Vizenor: "The reader creates a dreamscape from haiku; nothing remains in print, words become dream voices, traces on the wind, twists in the snow, a perch high in the bare poplar."

Vizenor's work has always been in service of survivance—survival with resistance. This includes his haiku. Here and elsewhere, resistance often comes through humor, and the trickster aesthetic imbues Vizenor's haiku.

Vizenor: "There are four interior dancers at a haiku dreamscape . . . the street dancer in me is the trickster, the picaresque survivor in the wordwars, at common human intersections, at the supermarket, on a bus."

The imagism of Vizenor's haiku joins or becomes what might now be described as a geopoetics—his writing finds groundings in its relationships with place and seasonal cycles. The making of haiku arises from an act of attention—that listens, not only speaks.

Vizenor: "Anishinaabe woodland artists were aesthetic by natural reason—emotive romanticists, expressionists, and surrealists." And, "Haiku is a word cinema, a visual experience, earth toned."

The haiku of Vizenor is not static. Images suggest motion or transmotion. The haiku moves off the page and into our imagination. It leads finally away from words to presence, even to silence.
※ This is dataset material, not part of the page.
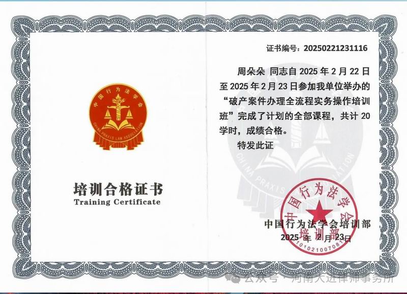河南大进律师事务所破产团队在此次培训中成果丰硕,不仅全面掌握了破产案件处理的全流程操作要点,还在破产重整、债权申报、债权人会议等关键环节实务操作中获得了新的洞见,有效提升了办理破产案件的专业水平。

Vizenor: "The last dancer . . . practices alone, in silence, to remember the manners on the street, the gestures of the soul, and the words beneath the earth." And, "The real master of haiku is the imaginative reader who finds a dreamscape in natural harmonies beneath the words."

Among the origins and reaches of haiku experience Vizenor recognizes is the embedded reality of places that hold the stories and voices of ancestors, including our ancestor poets—for him including Basho, for me including Vizenor.

This is a haiku from Vizenor:

calm in the storm
master basho soaks his feet
water striders

And one from me written "after" that one:

feet on frozen ground
echo of master vizenor
crows in white pine

Please join me in welcoming supreme haikuist, Gerald Vizenor.